Questions 9, 10 and 11
Additional Comments
Question 9) - Do you have any comments to make on proposals raised in the
Report of the Academic Expert Group that have not been mentioned in the
consultation document?
Nil
Question 10A) - Do you think there are any additional matters to be
considered in relation to safeguards in solemn cases that are not raised in the
consultation document or in the Report by the Academic Expert Group?
No
Question 10B) - Do you think there are any additional matters to be
considered in relation to safeguards in summary cases that are not raised in
the consultation document or in the Report by the Academic Expert Group?
No
Question 11) - Do you believe that there would be any unforeseen
consequences arising from the changes discussed in the consultation
document or the Report of the Academic Expert Group? These could be in
relation to any aspect of the criminal justice system, for example the effect of
any possible changes identified on the position of victims and witnesses. If
so, what might these be?
It is almost inevitable that there will be unforeseen consequences. There
may be ‘unforeseen consequences’ without the safeguards.

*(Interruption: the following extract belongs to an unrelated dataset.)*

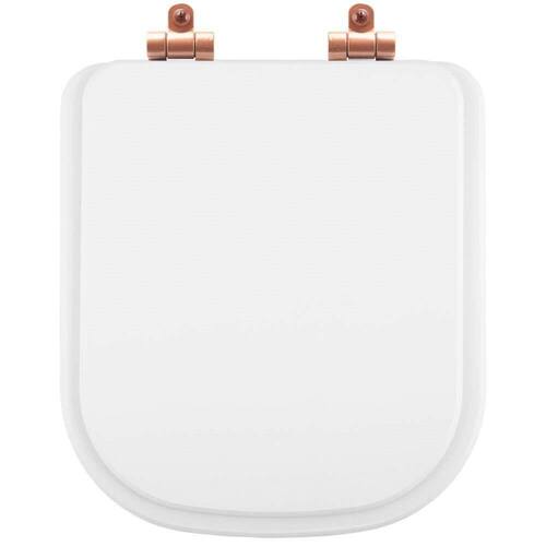 Tampa de Vaso Poliéster Com Amortecedor Piano Branco para Bacia Deca com Ferragem Rose Gold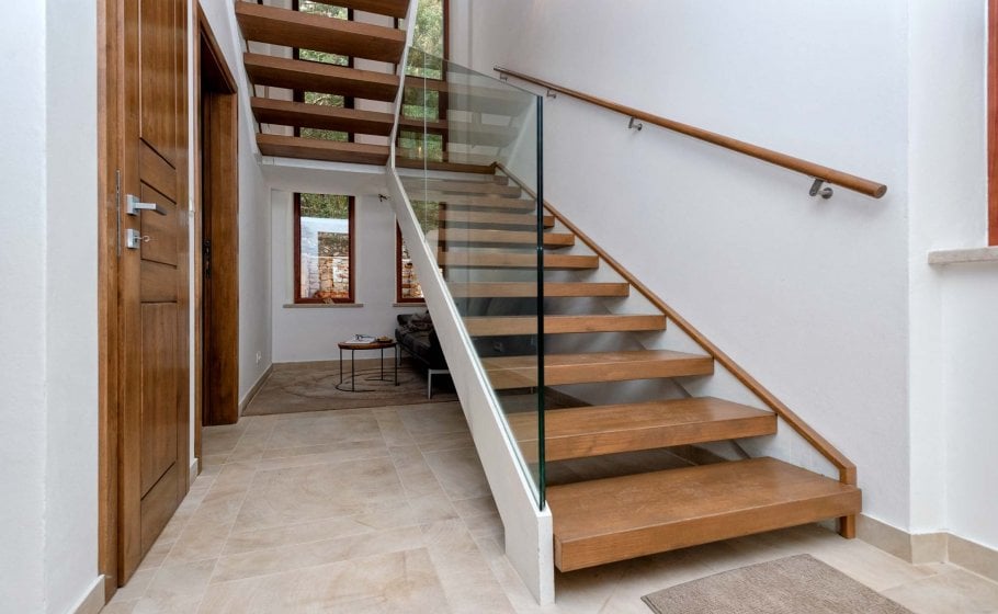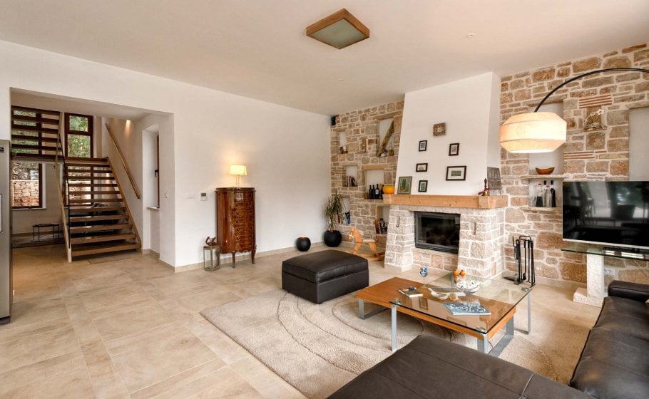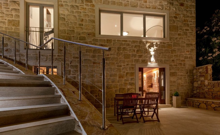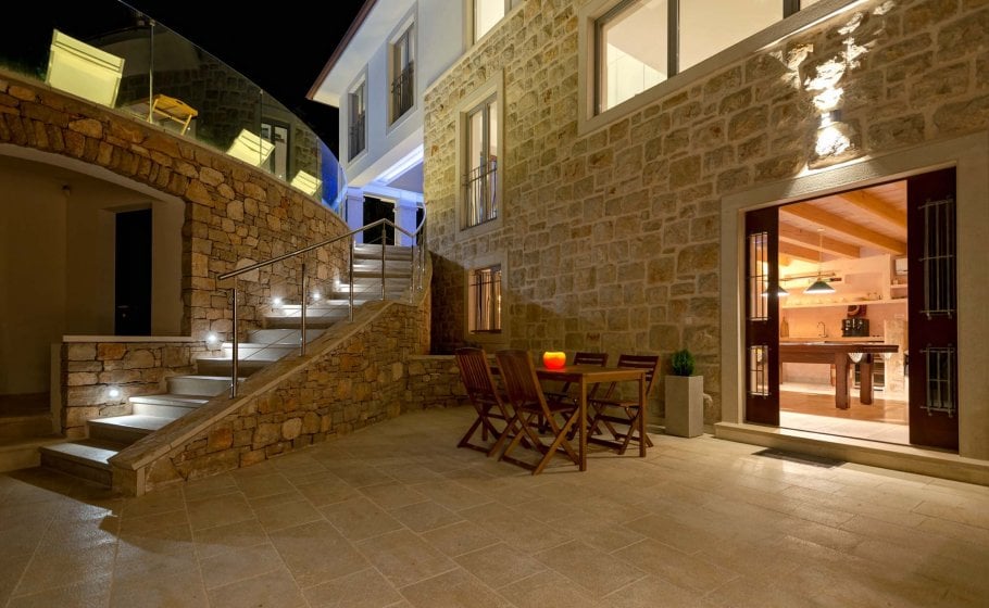 The entire veranda (and the rest of the house) is covered in stone, a blend of rustic Mediterranean and modern textures. What dominates the interior design is the warmth of the quality hand-processed massive oak in combination with designer furniture and various details plus glass railings and stone walls.

One which
occurs is the dashing of expectations that the abolition of corroboration will
lead to an increase in the level of convictions in rape and other sexual
offences. Justifying the abolition of corroboration on the basis of access to
justice fails to take into account the impact on a victim when a case which
might not have proceeded because of lack of corroboration does proceeds
but leads to an acquittal, possibly because the jury will look for supporting
evidence to convince them beyond reasonable doubt. That may not be
regarded as providing access to justice. Where currently a complainer may
reassured that non-conviction does not imply that (s)he was not believed
that is less likely following the abolition of corroboration, but the requirement
of safeguards may mean that lack of belief is not the only explanation.